Auditor skills section example: show what you test, review, and report
The auditor skills section should reflect daily audit work. It should help an audit manager, partner, finance recruiter, or ATS tool see that you can plan, test, review, document, communicate, and follow up. Good auditor resume skills are not random personality words. They are skills connected to actual audit work: internal controls, risk assessment, audit planning, substantive testing, control testing, workpapers, financial statement review, SOX compliance, GAAP, IFRS, Excel, ERP systems, audit reporting, process improvement, and remediation tracking.
Keep a longer master list outside your resume, then choose the skills that fit each audit posting. A good auditor resume does not need every skill you have. It needs the skills that match the audit type, industry, and requirements in the job description. For example, an external auditor may highlight GAAP, financial statement testing, confirmations, sampling, and workpapers. An internal auditor may highlight risk assessment, process walkthroughs, control testing, findings, and remediation. An IT auditor may highlight access controls, change management, SOC reports, CISA, cybersecurity frameworks, and data analytics.

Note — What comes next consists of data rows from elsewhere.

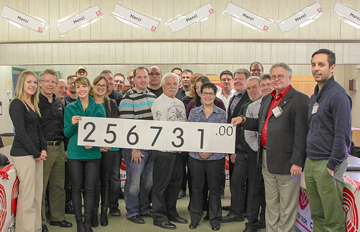 CONTRECOEUR, le 9 janvier 2015 – Grâce à un effort concerté des travailleurs, des retraités, des syndicats et de la direction d’ArcelorMittal Montréal, la campagne Centraide 2014 de l’entreprise a permis d’atteindre des sommets inégalés. Un don total de 256 731 $ sera partagé entre Centraide du Grand Montréal et Centraide Richelieu-Yamaska afin de subvenir aux besoins des communautés d’accueil de l’entreprise. Au terme de cette campagne, ce seront 778 donateurs, soit près d’un employé actif sur deux (49 %) d’ArcelorMittal Montréal qui auront versé un don à Centraide, une statistique impressionnante.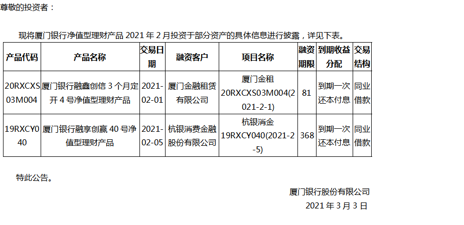 關(guān)于廈門銀行凈值型理財(cái)產(chǎn)品2021年2月投資部分資產(chǎn)的公告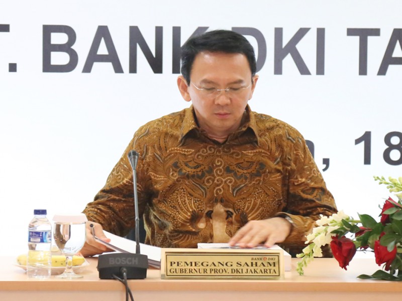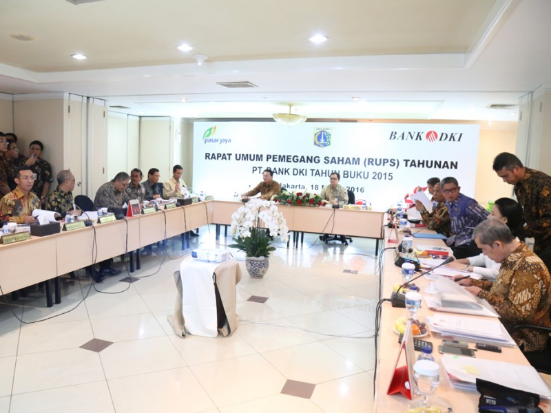 Gubernur DKI Jakarta, Basuki Tjahaja Purnama memimpin Rapat Umum Pemegang Saham (RUPS) Tahunan PT. Bank DKI Tahun Buku 2015 di Kantor Pusat Bank DKI Jalan Ir.H. Juanda, Jakarta pusat, Jumat (18/03). Rapat dihadiri jajaran Komisaris dan Direksi PT Bank DKI dan berlangsung tertutup. (Foto: Reza/beritajakarta.com)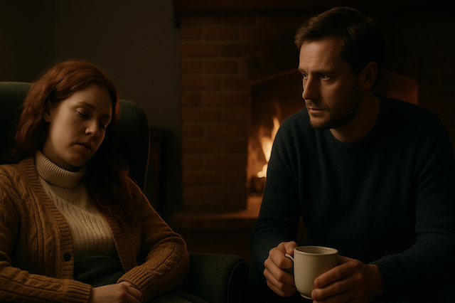 Когда стемнело, Дима занёс дрова, и мы втроём сидели у камина. Снег падал густо, будто кто-то нарочно накрывал мир ватным одеялом.
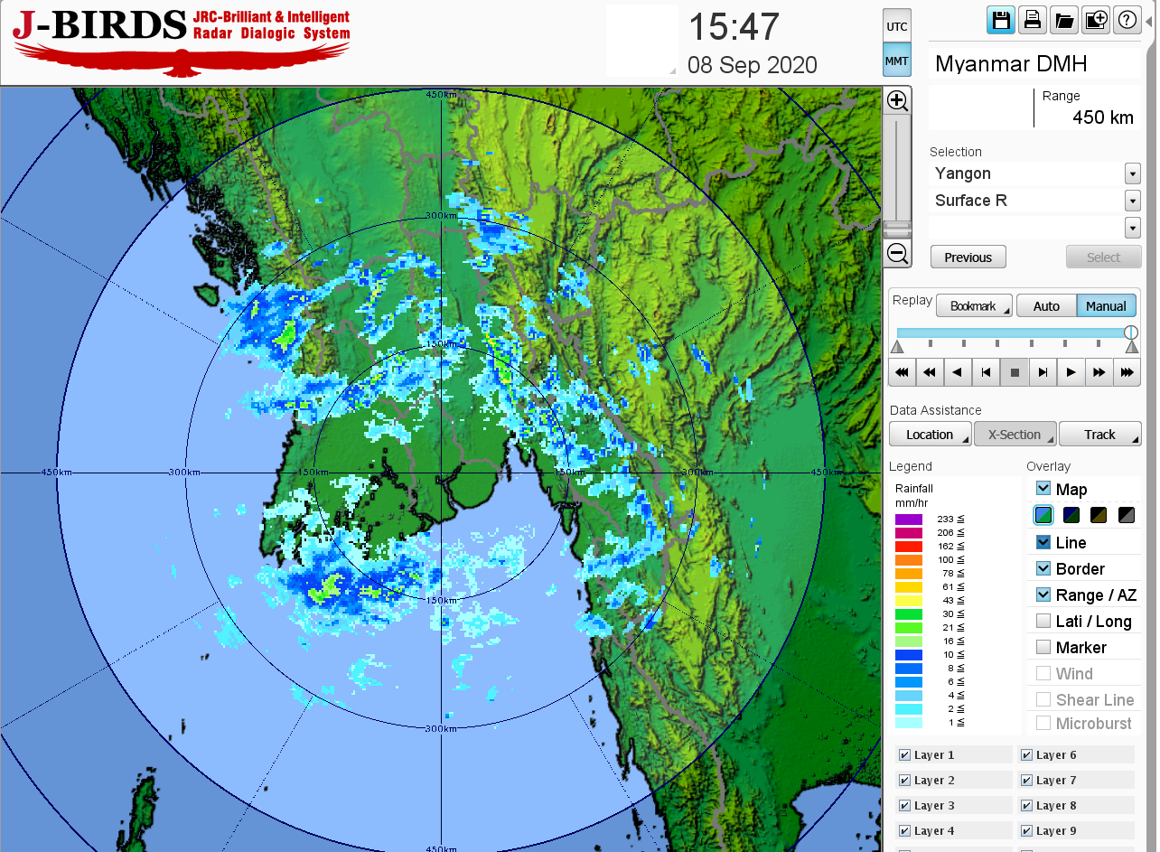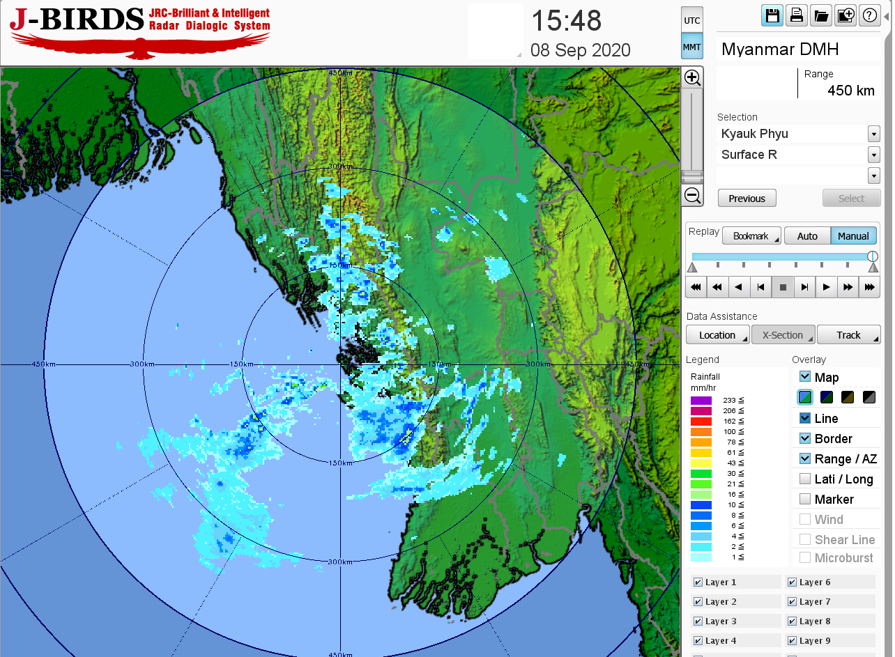 ဘင်္ဂလားပင်လယ်အော်အခြေအနေ။ ကပ္ပလီပင်လယ်ပြင်နှင့် ဘင်္ဂလားပင်လယ်အော်တောင်ပိုင်းတို့တွင် မုတ်သုံလေ အားအသင့်အတင့် ရှိနေပြီး၊ ကျန်ဘင်္ဂလားပင်လယ်အော်တွင် မုတ်သုံလေ အားနည်းနေပါသည်။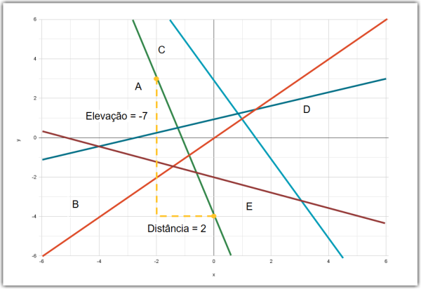 A fórmula da inclinação é \(m=\frac{variação\;em\;Y}{variação\;em\;X}\).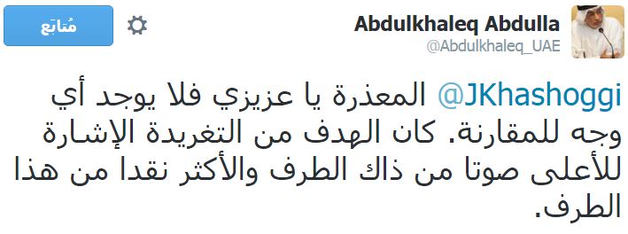 وعقب تعليق خاشقجي على تغريدة عبدالخالق عبدالله، علق قائلًا: “المعذرة يا عزيزي فلا يوجد أي وجه للمقارنة كان الهدف من التغريدة الإشارة للأعلى صوتا من ذاك الطرف والأكثر نقدا من هذا الطرف”.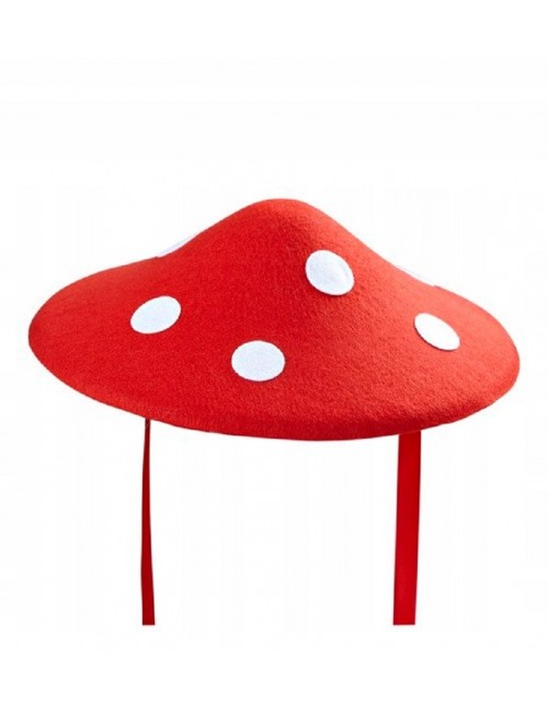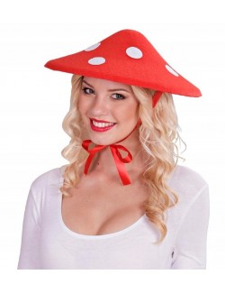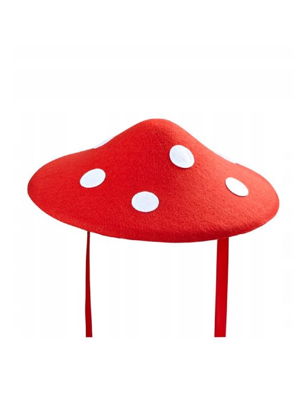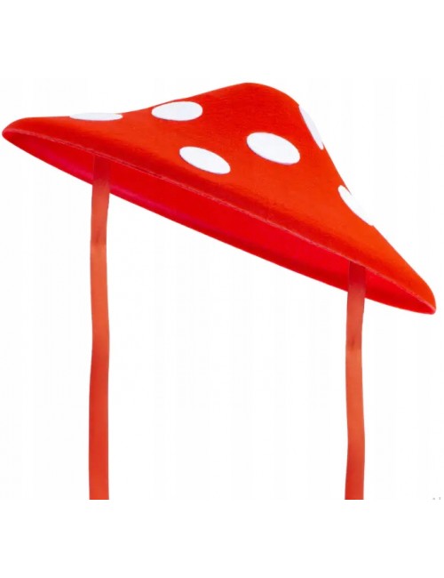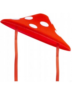 Palarie Ciupercuta pentru copii si adulti, rosie cu buline albe, din pasla rigida, prindere cu panglici, diametru: 34 cm.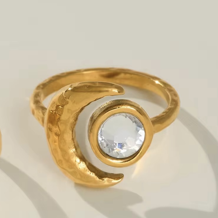 A golden crescent cradling a crystal. Eclipse energy in a ring.
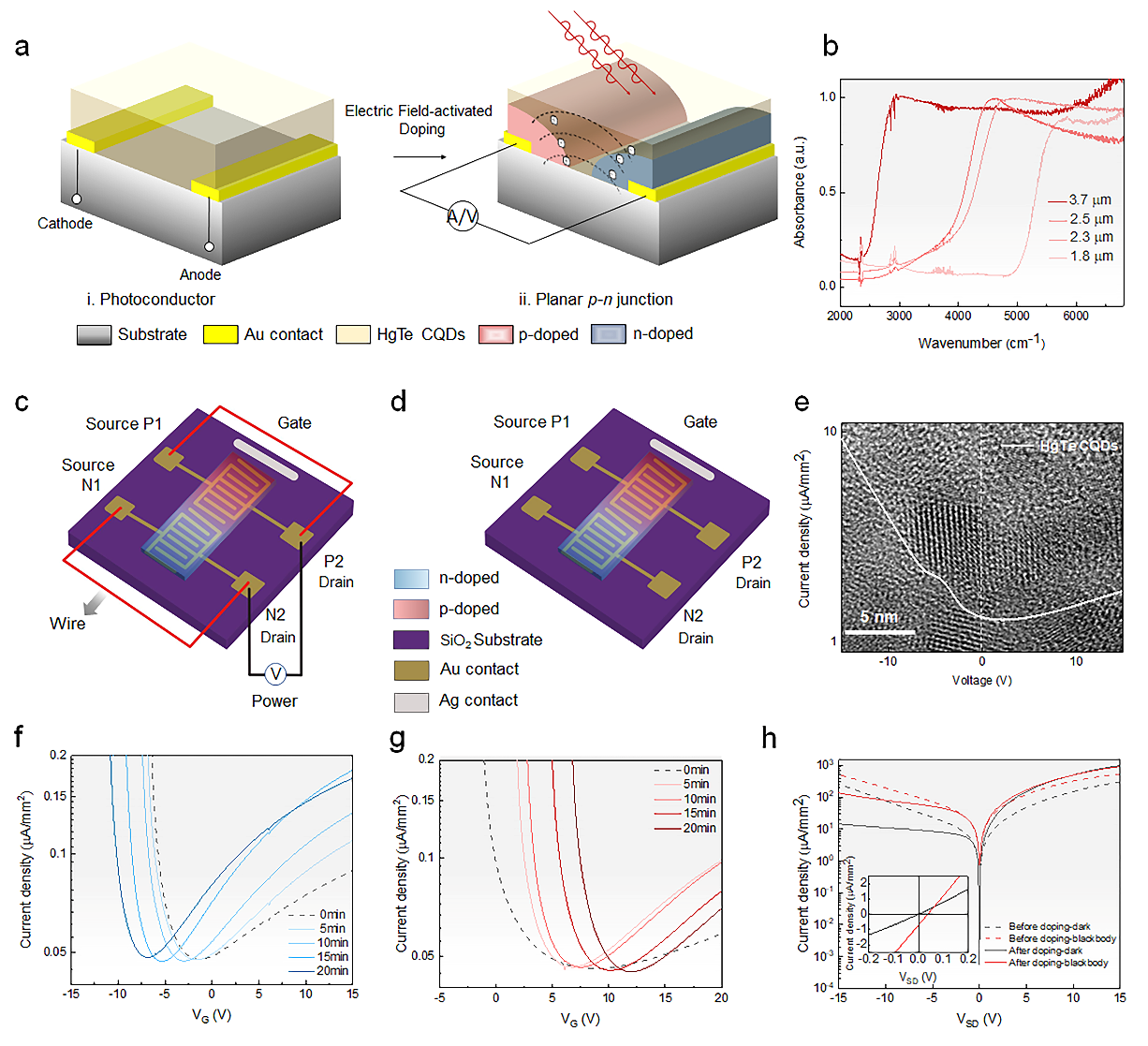 图1 电场激活原位掺杂平面光伏型胶体量子点红外成像芯片工作原理:(a)工作原理示意图。(b)碲化汞胶体量子点吸收光谱。(c、d)FET测量过程示意图。(e)碲化汞胶体量子点的高分辨率透射电子显微镜图像和薄膜的FET曲线。(f)正向电场和(g)反向电场激活下碲化汞胶体量子点薄膜的FET曲线。(h)电场激活原位掺杂过程后的器件电流-电压曲线。

A strong auditor skills section mixes technical audit skills with communication and judgment skills. Do not separate skills in a way that makes the page confusing. Group them if your template allows it, or list the most important ones first. The most useful auditor resume skills are usually the ones that also appear in your experience bullets. If you list internal controls, show a bullet where you tested controls. If you list audit reporting, show a bullet where you drafted findings or summaries. This makes your skills believable instead of decorative.